President's Update: February 2011
Dear Friend of Indiana University,
Just a few days ago, I helped to announce an important undertaking that, now and in many years to come, will have an extraordinary impact on the health and lives of Hoosiers all across our state—the transition of Clarian Health to Indiana University Health.
More than just a name change, this transition signals a new era in health care for Hoosiers and others across the nation.
As Indiana University reaffirms its partnership with the newly named Indiana University Health—which has evolved and grown into one of the nation’s leading health-care networks—Hoosiers will have enhanced access to the very latest advances in patient care, research, and treatment, state-of-the-art hospitals and health centers, and the nation’s best primary care and specialty physicians. Just last year, 11 IU Health clinical programs were ranked among the top 50 national programs in U.S. News & World Report’s 2010-2011 edition of “America’s Best Hospitals.”
A great partner: Indiana University Health
First formed in 1997 as Clarian Health, Indiana University Health (http://iuhealth.org) continues to support IU’s mission of educational and research excellence. Under the leadership of president and chief executive officer Dan Evans, Indiana University Health will also continue to take the nationally recognized clinical and research capabilities of the IU School of Medicine, the second-largest school of medicine in the nation, to all parts of the state.
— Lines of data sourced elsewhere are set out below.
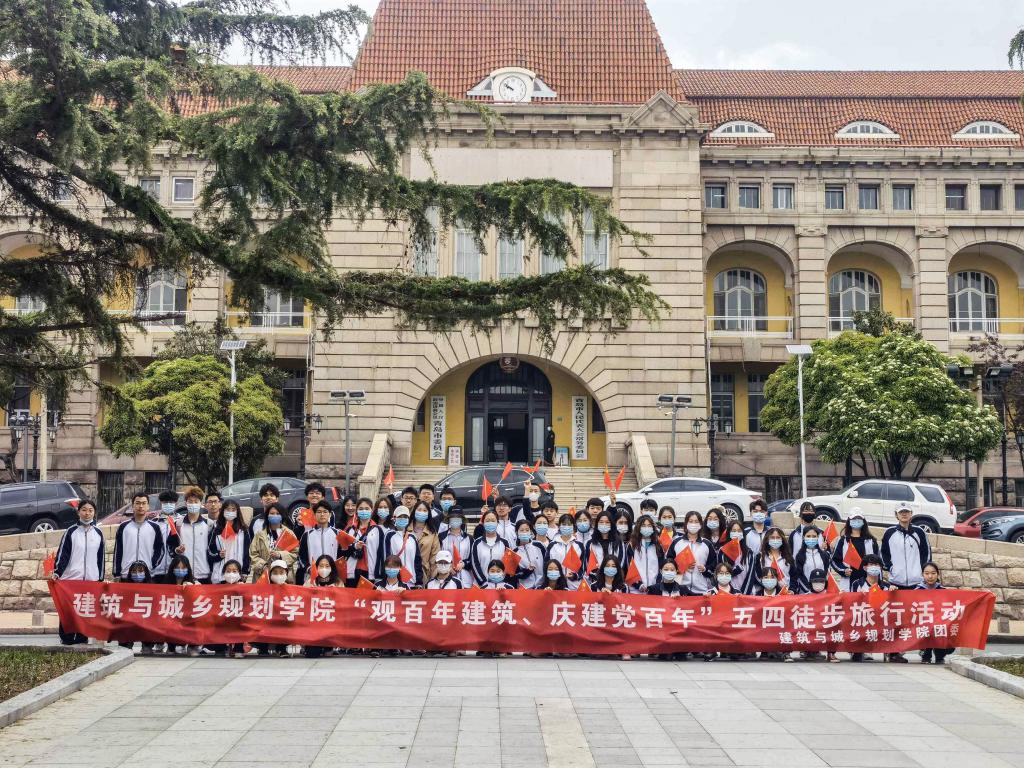 徐徐春风送暖意,五四精神入人心。在五四青年节即将到来之际,为激发青年学生爱国热情,建筑与城乡规划学院团委于4月29日组织开展“观百年建筑、庆建党百年”迎五四徒步旅行活动。活动旨在让同学们通过徒步旅行的方式参观青岛的百年建筑历史,在五四青年节到来之际向伟大祖国表达祝福。辅导员杨霈宣、郑润琪带队,学院60余名团学骨干参加了本次活动。
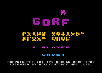 Gorf est composé de cinq missions qui s'inspirent des autres shoot 'em up de l'époque tels que Space Invaders ou Galaxian. Il possède des spécificités comme le laser quark qui permet d'annuler le tir en cours pour pouvoir tire de nouveau. La mission finale confronte le joueur à l'un des premiers boss des jeux d'arcade.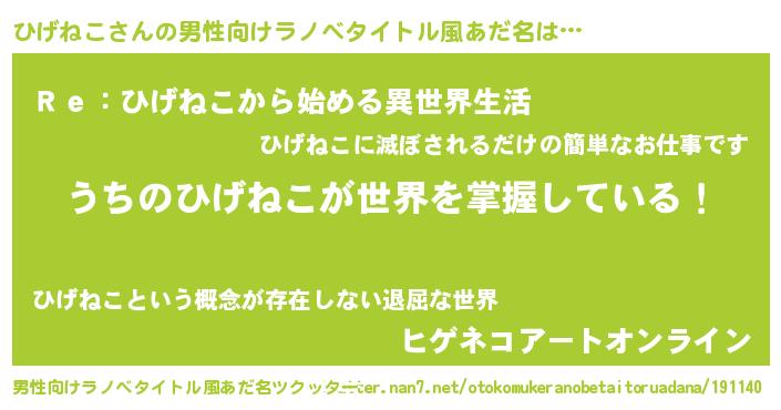 | 胡散臭い通販商品みたいなあだ名 | 『芸能人もオススメする高麗人参…その名も「ひげねこ」』 |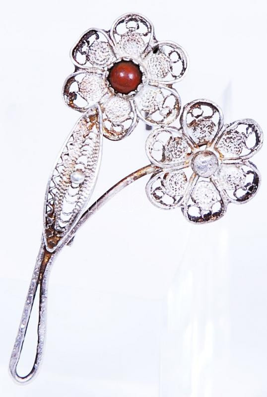 Virág alakú ezüst (Ag) filigrán bross féldrágakővel /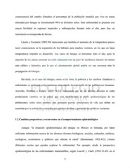 consecuencia del cambio climático el porcentaje de la población mundial que vive en zonas afectadas por dengue se incrementará 40% en términos netos. Esta enfermedad se presenta con mayor facilidad en regiones tropicales y subtropicales durante todo el año, pero hay un incremento en temporada de lluvias. Lázaro y Escarmis (2002:94) mencionan que también el aumento de la temperatura parece tener consecuencia en la expansión de los hábitats para muchos vectores, en los que en bajas temperaturas impiden su desarrollo. Los casos de dengue se presentan todo el año, pero la mayoría de los países presenta un ciclo estacional con un pico de incidencia durante los meses más cálidos y húmedos, por lo que el calentamiento global podría ser una amenaza ante la propagación del dengue. Sin duda, en el caso del dengue, como se ha visto, la pobreza y los cambios climáticos y ambientales se conjugan peligrosamente aumentando la exposición de las poblaciones humanas. Acevedo, Martínez y Estario (2007:19-23) mencionan que en las últimas décadas se están produciendo cambios en la salud, que van modificando el perfil epidemiológico de las poblaciones; todos estos cambios han generado nuevas condiciones de vida que deben ser asumidas por la población y resueltas por quienes diseñan y gestionan las políticas sanitarias. 1.2.Cambios progresivos y recurrentes en el comportamiento epidemiológico Aunque “la situación epidemiológica del dengue en México es limitada, por faltar suficiente información acerca de los diversos factores biológicos, sociales, culturales, médicos, ecológicos, económicos y políticos que afectan la salud” (Bustamante 1982:425), existen diferentes teorías que pueden explicar la enfermedad. Por ejemplo, desde la perspectiva epidemiológica de las enfermedades transmisibles, según Leavell y Clark (1958:13-49) en el 9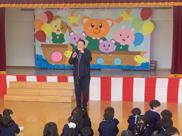 園長先生からは、「4月になると一つお兄さん、お姉さんになりますが、今の姿もとても立派でかっこいいですね。始業式には新しいクラスや先生が決まりますので、楽しみにしていてくださいね」とお話があり、「4月にまた元気に会いましょう」と温かい言葉が送られました。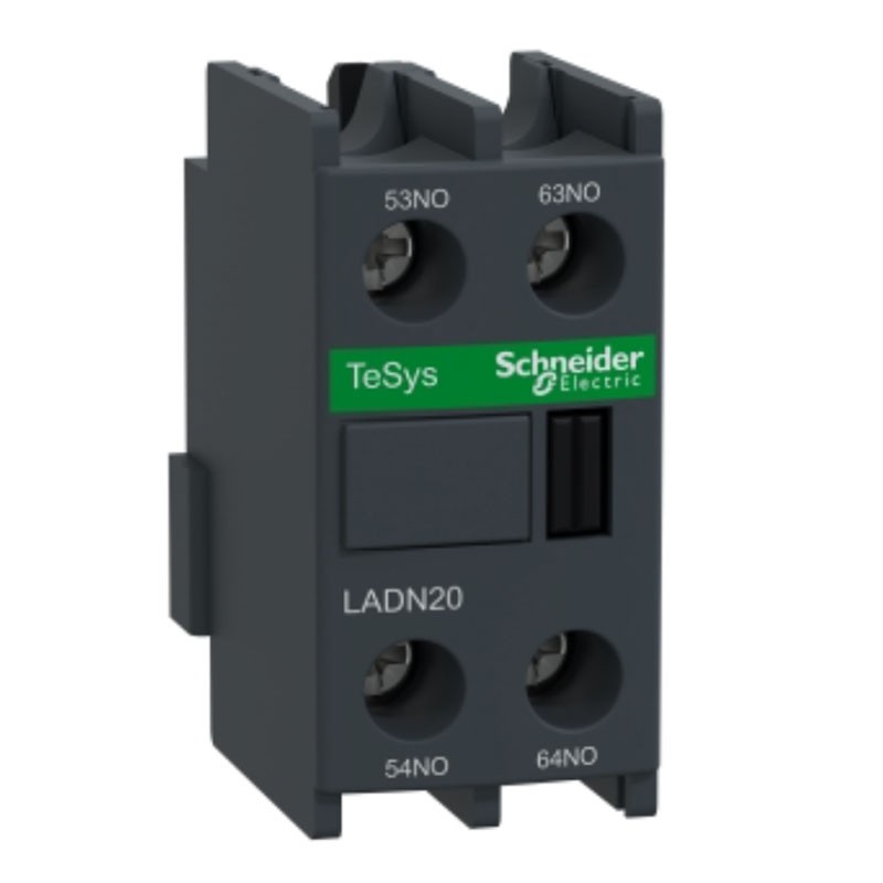 LeLADN20 est un bloc de contacts auxiliaires supplémentaires de Schneider Electric pour les contacteurs TeSys D et TeSys F. Bloc monté en façade, il dispose de 2 contacts momentanés NO jusqu'à 10 A 690V AC. Montage frontal facile par clip, garantissant une fiabilité et une durabilité élevées.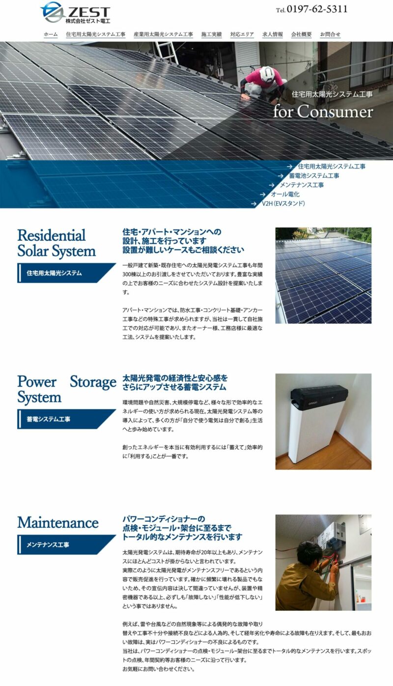 ゼスト電工 様 太陽光発電設備の工事を専門とする、電気工事会社のWebサイト。 太陽光発電システムを中核に、様々なサービスを提供する同社の特徴を、作業現場や施工後の施設写真を配置して表現しました。 白に、企業カラーのブルーを使用したシンプルな構成ながら、斜めのラインを取り入れたデザインで画面に変化を与えています。 URLhttp://www.zest-denko.com/ 地域・業界・業種 北上市 / 太陽光発電システム デバイス・仕様PC、WordPress 担当業務等Webサイト設計/情報設計/デザイン/CMS構築/更新操作指導

Indeed, during the coming year, as each of Clarian’s dozens of facilities across Indiana is renamed an Indiana University Health facility, the impact that IU has on the health and well-being of hundreds of thousands of Hoosiers will become strikingly evident.
Through the educational, research, and clinical activities at our schools of medicine, nursing, dentistry, optometry, social work, and health and rehabilitation science, IU is not only making a dramatic contribution to Hoosier health and social development, it is also developing the state’s economy by providing a highly educated, well-trained workforce. More than 50 percent of Indiana’s physicians, 40 percent of nurses, 90 percent of dentists, and 60 percent of optometrists are trained at IU.
IU’s partnership with Indiana University Health also supports and strengthens the university. With the help of Indiana University Health, we have added 1.2 million square feet of teaching, research, and living space in the past several years. These facilities have created opportunities for faculty, staff, and students alike, and they help the university support the highest quality research, clinical care, education, and workforce development in the health sciences.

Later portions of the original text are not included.